### Try it
Please write each record out again word for word.

### The records
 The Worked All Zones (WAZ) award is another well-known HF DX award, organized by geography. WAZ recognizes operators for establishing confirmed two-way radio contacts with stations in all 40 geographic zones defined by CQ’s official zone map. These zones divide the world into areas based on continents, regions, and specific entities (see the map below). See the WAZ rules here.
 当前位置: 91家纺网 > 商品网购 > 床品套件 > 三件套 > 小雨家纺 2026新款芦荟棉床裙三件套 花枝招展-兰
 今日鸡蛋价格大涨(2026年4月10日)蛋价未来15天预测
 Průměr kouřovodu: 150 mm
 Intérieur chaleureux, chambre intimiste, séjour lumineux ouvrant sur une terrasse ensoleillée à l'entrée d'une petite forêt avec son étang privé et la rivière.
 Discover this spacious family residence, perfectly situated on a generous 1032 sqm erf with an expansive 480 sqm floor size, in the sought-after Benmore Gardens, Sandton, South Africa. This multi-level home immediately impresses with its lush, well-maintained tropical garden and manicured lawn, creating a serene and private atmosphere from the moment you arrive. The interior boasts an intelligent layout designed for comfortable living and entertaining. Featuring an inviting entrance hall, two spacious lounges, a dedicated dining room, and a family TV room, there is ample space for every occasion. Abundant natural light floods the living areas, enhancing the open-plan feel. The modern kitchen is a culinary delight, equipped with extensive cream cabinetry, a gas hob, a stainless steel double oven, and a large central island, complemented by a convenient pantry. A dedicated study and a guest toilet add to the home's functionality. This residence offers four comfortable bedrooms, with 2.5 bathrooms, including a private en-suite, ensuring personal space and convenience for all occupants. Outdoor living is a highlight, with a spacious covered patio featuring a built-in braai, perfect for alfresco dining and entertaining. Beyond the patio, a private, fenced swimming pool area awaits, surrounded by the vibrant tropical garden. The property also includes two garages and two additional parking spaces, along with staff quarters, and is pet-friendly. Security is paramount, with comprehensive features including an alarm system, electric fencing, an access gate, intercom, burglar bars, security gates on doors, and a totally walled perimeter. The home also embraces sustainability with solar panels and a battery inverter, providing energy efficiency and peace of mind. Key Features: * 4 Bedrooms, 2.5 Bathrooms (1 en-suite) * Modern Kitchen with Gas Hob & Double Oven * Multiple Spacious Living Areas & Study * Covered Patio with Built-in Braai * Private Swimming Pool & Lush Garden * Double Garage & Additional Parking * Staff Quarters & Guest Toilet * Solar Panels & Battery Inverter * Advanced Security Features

### Answer to this problem
 The Worked All Zones (WAZ) award is another well-known HF DX award, organized by geography. WAZ recognizes operators for establishing confirmed two-way radio contacts with stations in all 40 geographic zones defined by CQ’s official zone map. These zones divide the world into areas based on continents, regions, and specific entities (see the map below). See the WAZ rules here.
 当前位置: 91家纺网 > 商品网购 > 床品套件 > 三件套 > 小雨家纺 2026新款芦荟棉床裙三件套 花枝招展-兰
 今日鸡蛋价格大涨(2026年4月10日)蛋价未来15天预测
 Průměr kouřovodu: 150 mm
 Intérieur chaleureux, chambre intimiste, séjour lumineux ouvrant sur une terrasse ensoleillée à l'entrée d'une petite forêt avec son étang privé et la rivière.
 Discover this spacious family residence, perfectly situated on a generous 1032 sqm erf with an expansive 480 sqm floor size, in the sought-after Benmore Gardens, Sandton, South Africa. This multi-level home immediately impresses with its lush, well-maintained tropical garden and manicured lawn, creating a serene and private atmosphere from the moment you arrive. The interior boasts an intelligent layout designed for comfortable living and entertaining. Featuring an inviting entrance hall, two spacious lounges, a dedicated dining room, and a family TV room, there is ample space for every occasion. Abundant natural light floods the living areas, enhancing the open-plan feel. The modern kitchen is a culinary delight, equipped with extensive cream cabinetry, a gas hob, a stainless steel double oven, and a large central island, complemented by a convenient pantry. A dedicated study and a guest toilet add to the home's functionality. This residence offers four comfortable bedrooms, with 2.5 bathrooms, including a private en-suite, ensuring personal space and convenience for all occupants. Outdoor living is a highlight, with a spacious covered patio featuring a built-in braai, perfect for alfresco dining and entertaining. Beyond the patio, a private, fenced swimming pool area awaits, surrounded by the vibrant tropical garden. The property also includes two garages and two additional parking spaces, along with staff quarters, and is pet-friendly. Security is paramount, with comprehensive features including an alarm system, electric fencing, an access gate, intercom, burglar bars, security gates on doors, and a totally walled perimeter. The home also embraces sustainability with solar panels and a battery inverter, providing energy efficiency and peace of mind. Key Features: * 4 Bedrooms, 2.5 Bathrooms (1 en-suite) * Modern Kitchen with Gas Hob & Double Oven * Multiple Spacious Living Areas & Study * Covered Patio with Built-in Braai * Private Swimming Pool & Lush Garden * Double Garage & Additional Parking * Staff Quarters & Guest Toilet * Solar Panels & Battery Inverter * Advanced Security Features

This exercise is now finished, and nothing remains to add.